Re: [PATCH] KVM/VMX: Invoke NMI non-IST entry instead of IST entry

From: Lai Jiangshan
Date: Wed May 05 2021 - 11:44:58 EST




On 2021/5/5 08:00, Thomas Gleixner wrote:
On Tue, May 04 2021 at 23:56, Paolo Bonzini wrote:
On 04/05/21 23:51, Sean Christopherson wrote:
On Tue, May 04, 2021, Paolo Bonzini wrote:
On 04/05/21 23:23, Andy Lutomirski wrote:
On May 4, 2021, at 2:21 PM, Sean Christopherson <seanjc@xxxxxxxxxx> wrote:
FWIW, NMIs are masked if the VM-Exit was due to an NMI.

Huh, indeed: "An NMI causes subsequent NMIs to be blocked, but only after
the VM exit completes".

Then this whole change is busted, since nothing will unmask NMIs. Revert it?
Looks like the easiest way out indeed.

I've no objection to reverting to intn, but what does reverting versus handling
NMI on the kernel stack have to do with NMIs being blocked on VM-Exit due to NMI?
I'm struggling mightily to connect the dots.

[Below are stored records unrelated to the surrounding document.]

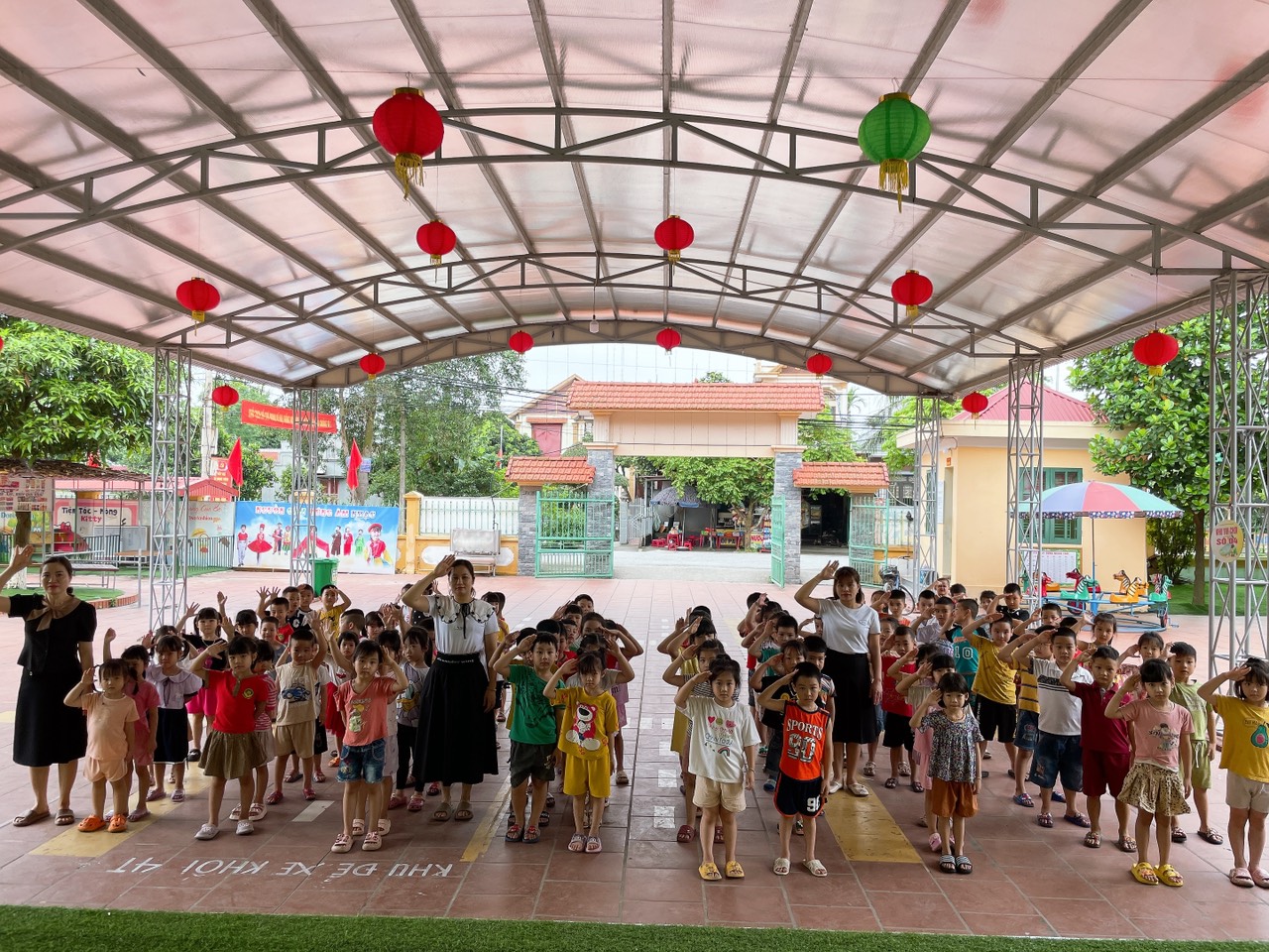 Vào sáng thứ 2 ngày 6/5/20224. Cô và trò trường mầm non Lý Học tổ chức lễ chào cờ đầu tuần. Trong không khí vui tươi phấn khởi, hòa chung không khí chào mừng 70 năm ngày chiến thắng Điện Biên Phủ.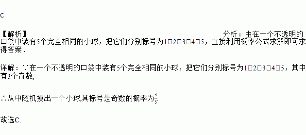 在一个不透明的口袋中装有5个完全相同的小球,把它们分别标号为,从中随机摸出一个小球,其标号是奇数的概率为![]()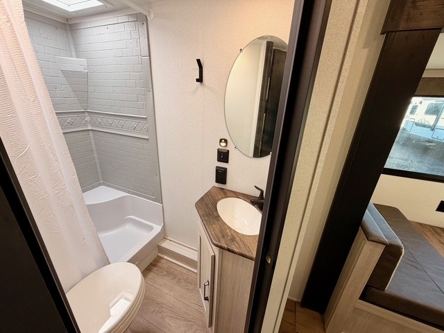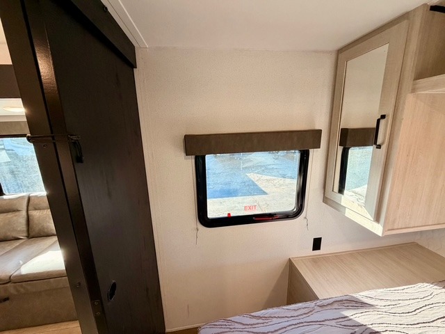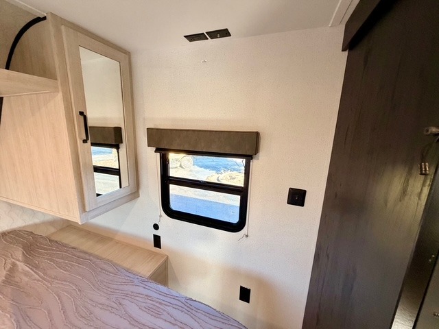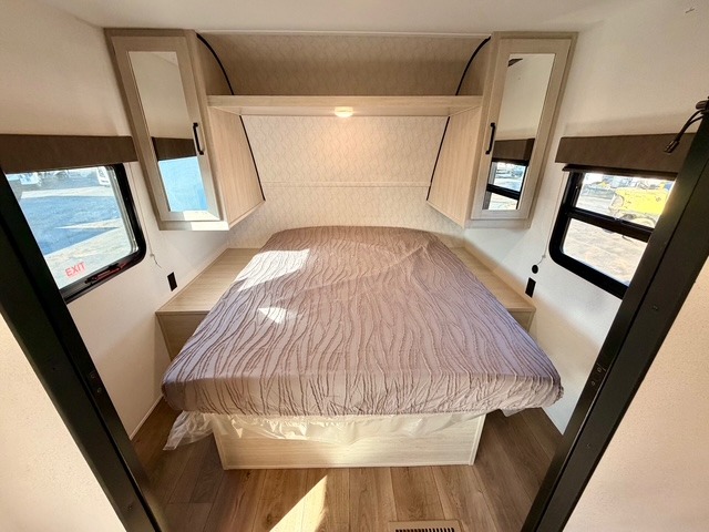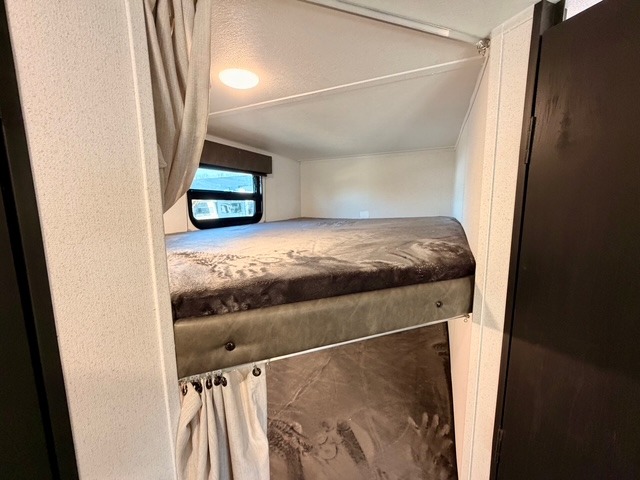 The rear double-size bunks provide a cozy spot for kids or guests, and the full bath nearby includes a shower with a built-in seat for added comfort and convenience. The front private bedroom features a queen bed, storage cabinets, and bedside amenities for a restful retreat after a day of outdoor adventures.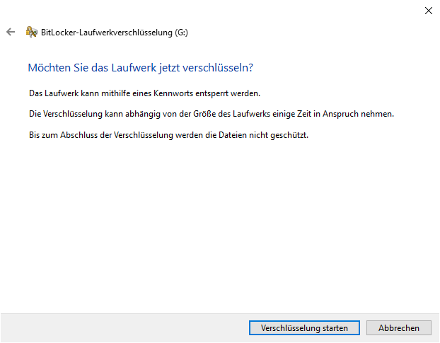 Bevor nun die Verschlüsselung des Sticks oder der externen Festplatte gestartet wird, erfolgt nochmals eine Abfrage, ob Sie das Laufwerk jetzt verschlüsseln möchten.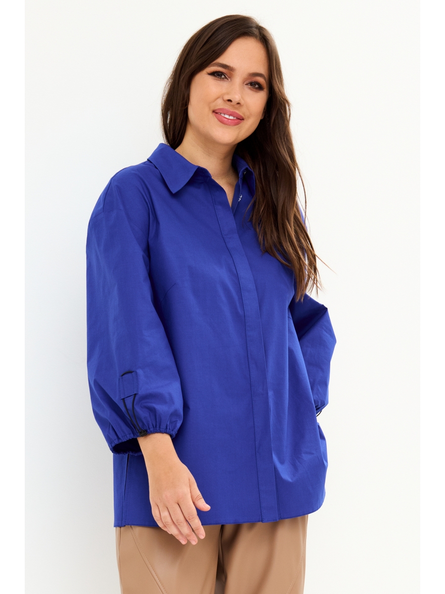Стильная блуза рубашечного кроя. Выполнена из хлопковой ткани. Застежка на пришивные пуговицы, закрытые планкой. Рукав слегка спущен, снизу со сборкой.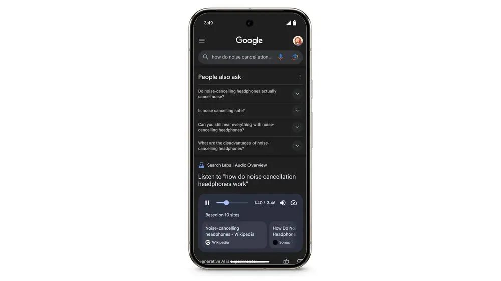 Disponible uniquement sur mobile, cette nouvelle fonctionnalité expérimentale s’intègre sous le module « Autres questions posées » avec un bouton intitulé « Générer une synthèse audio ». Une fois cliqué, il faut attendre environ 40 secondes pour que l’audio soit prêt.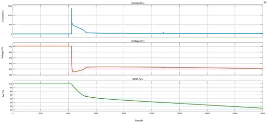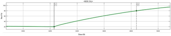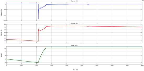 The battery discharging to feed the load, such as EV battery, is shown in Figure 15, Figure 16 and Figure 17. From the analysis of the SPRCS, Nissan LEAF ASCENTA [41] 40 kWh can give up to 168 miles. Which in turn states that rapid charging gives Nissan LEAF ASCENTA a 100-mile charge in 10.25 min. The above system output is provided without considering losses. Based on the design and from the charging curves, it is evident that charging from 20% to 80% would take approximately 10.25 min. Once we implement a real-time system there might be 5% to 10% more time to charge by considering the real-time system losses, battery temperature, and DOD of system battery the designed SPRCS could equally provide rapid charging as stated by CHArge de Move (CHAdeMO) [42].

Nah, you're right: vmx_do_interrupt_nmi_irqoff will not call the handler
directly, rather it calls the IDT entrypoint which *will* do an IRET and
unmask NMIs. I trusted Andy too much on this one. :)

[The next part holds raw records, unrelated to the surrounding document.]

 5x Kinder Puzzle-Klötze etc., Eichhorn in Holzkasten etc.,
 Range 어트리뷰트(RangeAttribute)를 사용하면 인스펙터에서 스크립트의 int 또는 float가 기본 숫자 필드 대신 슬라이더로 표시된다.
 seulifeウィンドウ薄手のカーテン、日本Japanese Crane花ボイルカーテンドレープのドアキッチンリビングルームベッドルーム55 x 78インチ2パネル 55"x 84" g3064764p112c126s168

Thomas's posted patch ("[PATCH] KVM/VMX: Invoke NMI non-IST entry
instead of IST entry") looks good.

Well, looks good is one thing.

It would be more helpful if someone would actually review and/or test it.

Thanks,

tglx


I tested it with the following testing-patch applied, it shows that the
problem is fixed.

The only one line of code in vmenter.S in the testing-patch just emulates
the situation that a "uninitialized" garbage in the kernel stack happens
to be 1 and it happens to be at the same location of the RSP-located
"NMI executing" variable.


First round:
# apply the testing-patch
# perf record events of a vm which does kbuild inside
# dmesg shows that there are the same number of "kvm nmi" and "kvm nmi miss"
It shows that the problem exists with regard to the invocation of the NMI
handler.

Second Round:
# apply the fix from tglx
# apply the testing-patch
# perf record events of a vm which does kbuild inside
# dmesg shows that there are some "kvm nmi" but no "kvm nmi miss".
It shows that the problem is fixed.


diff --git a/arch/x86/kvm/vmx/vmenter.S b/arch/x86/kvm/vmx/vmenter.S
index 3a6461694fc2..32096049c2a2 100644
--- a/arch/x86/kvm/vmx/vmenter.S
+++ b/arch/x86/kvm/vmx/vmenter.S
@@ -316,6 +316,7 @@ SYM_FUNC_START(vmx_do_interrupt_nmi_irqoff)
#endif
pushf
push $__KERNEL_CS
+ movq $1, -24(%rsp) // "NMI executing": 1 = nested, non-1 = not-nested
CALL_NOSPEC _ASM_ARG1

/*
diff --git a/arch/x86/kvm/vmx/vmx.c b/arch/x86/kvm/vmx/vmx.c
index 8586eca349a9..eefd22d22fce 100644
--- a/arch/x86/kvm/vmx/vmx.c
+++ b/arch/x86/kvm/vmx/vmx.c
@@ -6439,8 +6439,17 @@ static void vmx_handle_exit_irqoff(struct kvm_vcpu *vcpu)

if (vmx->exit_reason.basic == EXIT_REASON_EXTERNAL_INTERRUPT)
handle_external_interrupt_irqoff(vcpu);
- else if (vmx->exit_reason.basic == EXIT_REASON_EXCEPTION_NMI)
+ else if (vmx->exit_reason.basic == EXIT_REASON_EXCEPTION_NMI) {
+ unsigned long count = this_cpu_read(irq_stat.__nmi_count);
+
handle_exception_nmi_irqoff(vmx);
+
+ if (is_nmi(vmx_get_intr_info(&vmx->vcpu))) {
+ pr_info("kvm nmi\n");
+ if (count == this_cpu_read(irq_stat.__nmi_count))
+ pr_info("kvm nmi miss\n");
+ }
+ }
}

/*